Saved entries ->
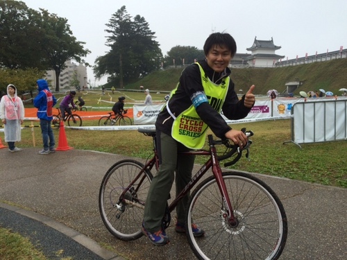 レースディレクター、菅田 純也さんに お話を伺いながら、 大会開催前のコースで 参加しているレーサーに混ざって試走させてもらいました! シクロクロスを初体験です! 城址公園内には みっちりと迷路のようなコースが作られ つづら折りのコーナーが続くテクニカルなコースになっていました。 試走させてもらうと…「楽しい~」 芝生のコースの路面を、ブロックタイヤでつかんで走っていくのは アスファルトロードを走るのとはまた違う面白さがあります。 塗れた芝生は 当然滑ります。 すべって転倒しないためにも、神経を集中させて走らせます。 恐る恐る 走る僕の横では およそ倍のスピードで選手が駆け抜けていきます かっこいい! ※写真は菅田純也さんと 東北シクロクロスPR大使で「シンガーソング・ライダー」の水越ユカさん ![]() シクロクロスの大会は
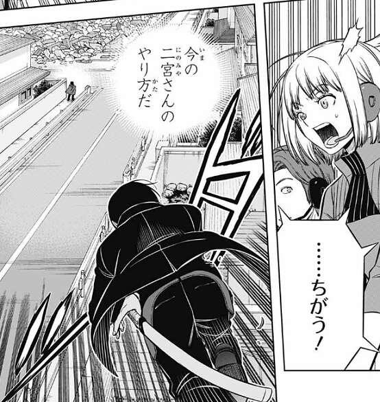 二宮は両攻撃(フルアタック)で攻撃しようとしていたので、ガード出来ないと三雲は読んでいましたが、二宮は三雲の攻撃を読んでいて移動する事で三雲の攻撃を避けます。解説席の王子は三雲に弾を散らして撃てるくらいの、射手としての経験があれば…、と残念に思います。
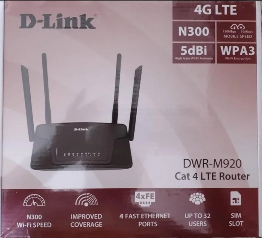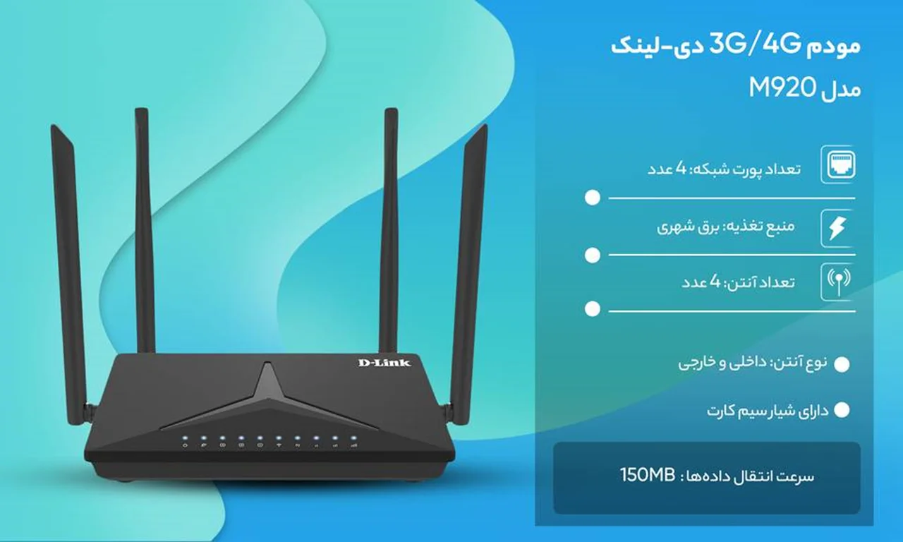 روتر بی سیم 4G/LTE دی-لینک مدل DWR-M920 محصولی از شرکت «دی- لینک » است. این روتر شرکت دی-لینک دارای یک درگاه برای نصب سیمکارت است که میتوانید از سیمکارت تمام اپراتورها استفاده کنید. در کنار شیار سیمکارت، چهار درگاه LAN وجود دارد که میتوان از آن برای اتصال باسیم ابزارها به شبکه بیسیم استفاده کرد. همچنین این دستگاه میتواند از طریق اتصال WAN به اینترنت فعلی شما وصل میشود. این اتصال میتواند شامل یک اینترنت پهنباند باشد که به وسیله آنتنهای پوینت تو پوینت (P2P) وایرلس دریافت میکنید یا همان اتصال ADSL خانگیتان که مدتها از آن استفاده کردهاید. برای این دستگاه چهار عدد آنتن در نظر گرفته شده است که دوتای آنها برای اتصال آنتنهای 3G/4G است و دو تای دیگر برای آنتنهای شبکهی وایفای هستند. در قسمت پشت روتر DWR-M920 کلیدهای WPS و Reset و کلید روشن و خاموش قرار گرفته است.
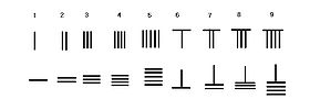 Of particular note is the use in Chinese mathematics of a decimal positional notation system, the so-called "rod numerals" in which distinct ciphers were used for numbers between 1 and 10, and additional ciphers for powers of ten. Thus, the number 123 would be written using the symbol for "1", followed by the symbol for "100", then the symbol for "2" followed by the symbol for "10", followed by the symbol for "3". This was the most advanced number system in the world at the time, apparently in use several centuries before the common era and well before the development of the Indian numeral system. Rod numerals allowed the representation of numbers as large as desired and allowed calculations to be carried out on the suan pan, or Chinese abacus. The date of the invention of the suan pan is not certain, but the earliest written mention dates from AD 190, in Xu Yue's Supplementary Notes on the Art of Figures.
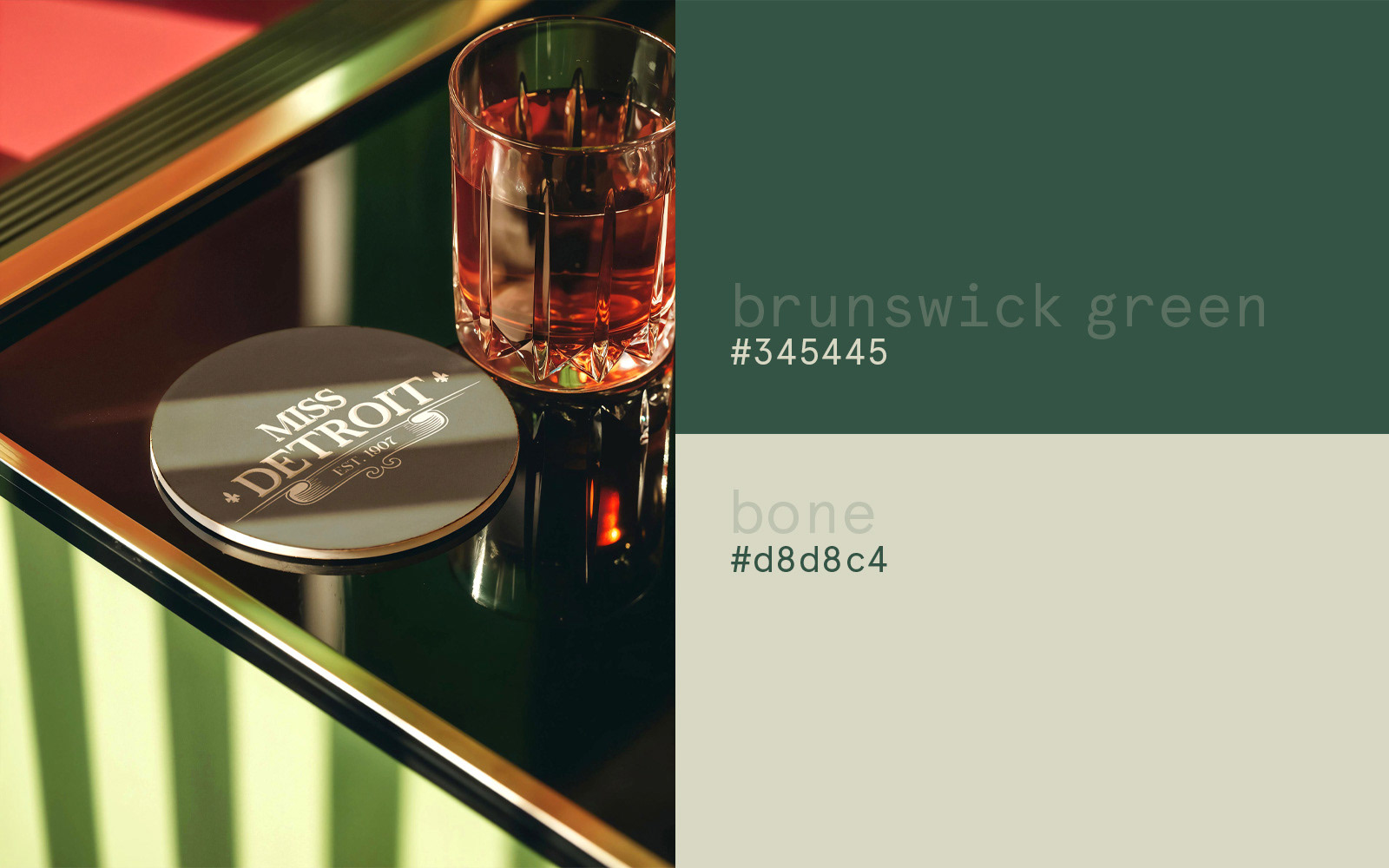 A paleta foi ancorada no verde profundo e no tom claro, reforçando o contraste entre herança e modernidade.

EXERCISE INSTRUCTIONS -> Reproduce the data above line for line, from its first line through the line containing "二宮は両攻撃(フルアタック)", both ends included, with the pictures omitted and nothing more.

ANSWER SECTION ->
 レースディレクター、菅田 純也さんに お話を伺いながら、 大会開催前のコースで 参加しているレーサーに混ざって試走させてもらいました! シクロクロスを初体験です! 城址公園内には みっちりと迷路のようなコースが作られ つづら折りのコーナーが続くテクニカルなコースになっていました。 試走させてもらうと…「楽しい~」 芝生のコースの路面を、ブロックタイヤでつかんで走っていくのは アスファルトロードを走るのとはまた違う面白さがあります。 塗れた芝生は 当然滑ります。 すべって転倒しないためにも、神経を集中させて走らせます。 恐る恐る 走る僕の横では およそ倍のスピードで選手が駆け抜けていきます かっこいい! ※写真は菅田純也さんと 東北シクロクロスPR大使で「シンガーソング・ライダー」の水越ユカさん ![]() シクロクロスの大会は
 二宮は両攻撃(フルアタック)で攻撃しようとしていたので、ガード出来ないと三雲は読んでいましたが、二宮は三雲の攻撃を読んでいて移動する事で三雲の攻撃を避けます。解説席の王子は三雲に弾を散らして撃てるくらいの、射手としての経験があれば…、と残念に思います。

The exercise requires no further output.